* Your goal *
Print the entries below word for word; the pictures stay out of your copy.

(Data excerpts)
######
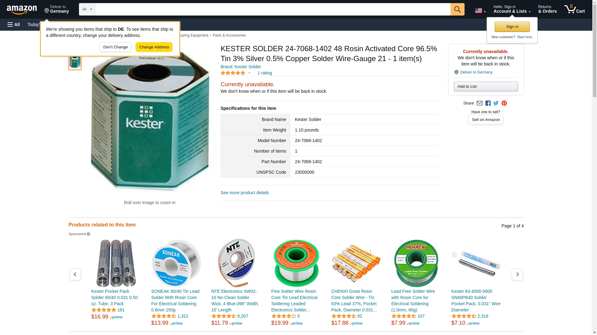 KESTER SOLDER 24-7068-1402 48 Rosin Activated Core 96.5% Tin 3% Silver 0.5% Copper Solder Wire-Gauge 21 - 1 item(s)
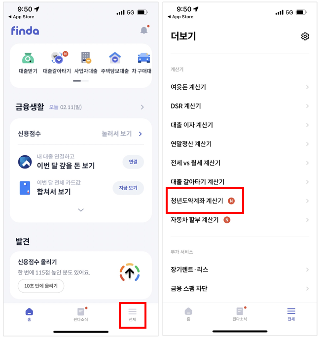 청년도약계좌 가입요건 및 수령액 등은 핀다(Finda) 앱에서 확인할 수 있습니다.
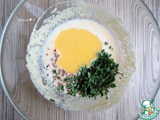 Смешайте поленту, йогурт и яйцо.
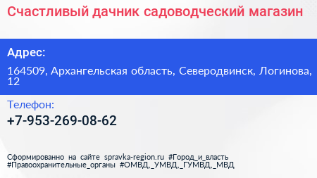 Счастливый дачник, садоводческий магазин по адресу 164509, Архангельская область, Северодвинск, Логинова, 12 в дальнейшем Организация, размещена в следующих категориях:
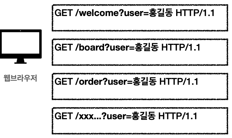 - 모든 요청에 사용자 정보가 포함되도록 개발자가 고생해야 한다.
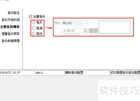 9、 点击左侧全量备份频率,先勾选全量备份选项,再设定具体执行频次。
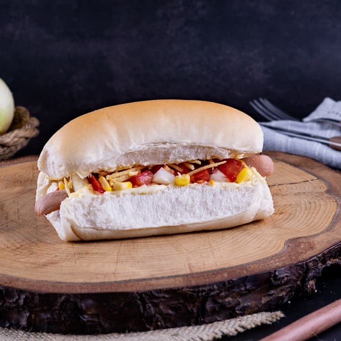 01 salsicha Perdigão, bacon ou calabresa ou frango, maionese Hellmann´s, salada ( tomate, milho e cebola), e batata palha.
######
* Exercise result *
 KESTER SOLDER 24-7068-1402 48 Rosin Activated Core 96.5% Tin 3% Silver 0.5% Copper Solder Wire-Gauge 21 - 1 item(s)
 청년도약계좌 가입요건 및 수령액 등은 핀다(Finda) 앱에서 확인할 수 있습니다.
 Смешайте поленту, йогурт и яйцо.
 Счастливый дачник, садоводческий магазин по адресу 164509, Архангельская область, Северодвинск, Логинова, 12 в дальнейшем Организация, размещена в следующих категориях:
 - 모든 요청에 사용자 정보가 포함되도록 개발자가 고생해야 한다.
 9、 点击左侧全量备份频率,先勾选全量备份选项,再设定具体执行频次。
 01 salsicha Perdigão, bacon ou calabresa ou frango, maionese Hellmann´s, salada ( tomate, milho e cebola), e batata palha.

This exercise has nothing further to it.